[WHAT THE EXERCISE ASKS]
From first line to last, copy the listing exactly and omit its pictures.

[GIVEN INFORMATION]
__________
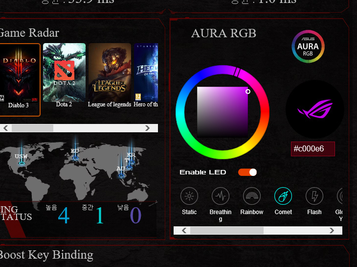 네트워크 상태나 PING 상태 , 게임 최적화를 위한 핑의 상태, AURA RGB 등을 설정할 수 있습니다.
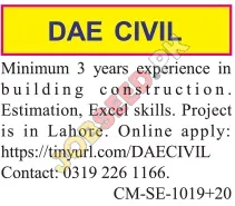 Construction Company, Lahore Punjab Pakistan invites applications from eligible candidates for the post of Civil Engineer as per advertisement of 01 December, 2025, published in Jang Newspaper. DAE educational qualification will be preferred.
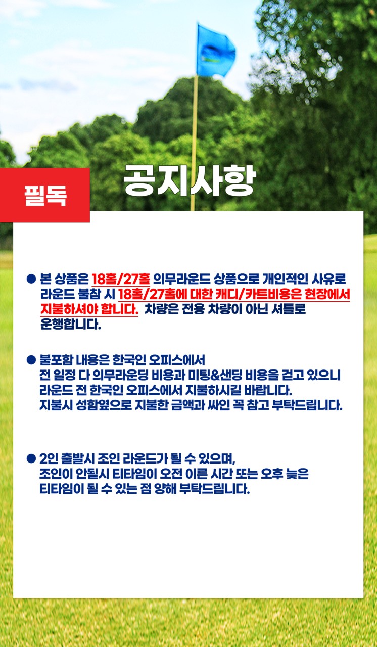 - 18홀 / 27홀 의무 라운드 상품
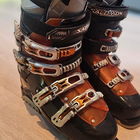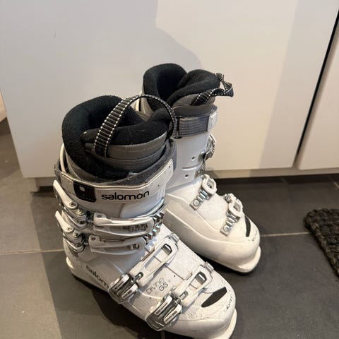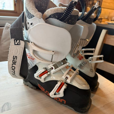 Salomon alpinstøvler i størrelse 25.5. Støvlene er i hovedsak hvite med grå og blå detaljer. Modellen har fire justerbare spenner i metall og powerstrap øverst for bedre tilpasning rundt leggen. Myk, polstret innerstøvel gir komfort og støtte. Passer til alpinbruk i bakke for voksne eller større ungdommer som trenger støvler i størrelse 25.5.
__________
[TASK RESPONSE]
 네트워크 상태나 PING 상태 , 게임 최적화를 위한 핑의 상태, AURA RGB 등을 설정할 수 있습니다.
 Construction Company, Lahore Punjab Pakistan invites applications from eligible candidates for the post of Civil Engineer as per advertisement of 01 December, 2025, published in Jang Newspaper. DAE educational qualification will be preferred.
 - 18홀 / 27홀 의무 라운드 상품
 Salomon alpinstøvler i størrelse 25.5. Støvlene er i hovedsak hvite med grå og blå detaljer. Modellen har fire justerbare spenner i metall og powerstrap øverst for bedre tilpasning rundt leggen. Myk, polstret innerstøvel gir komfort og støtte. Passer til alpinbruk i bakke for voksne eller større ungdommer som trenger støvler i størrelse 25.5.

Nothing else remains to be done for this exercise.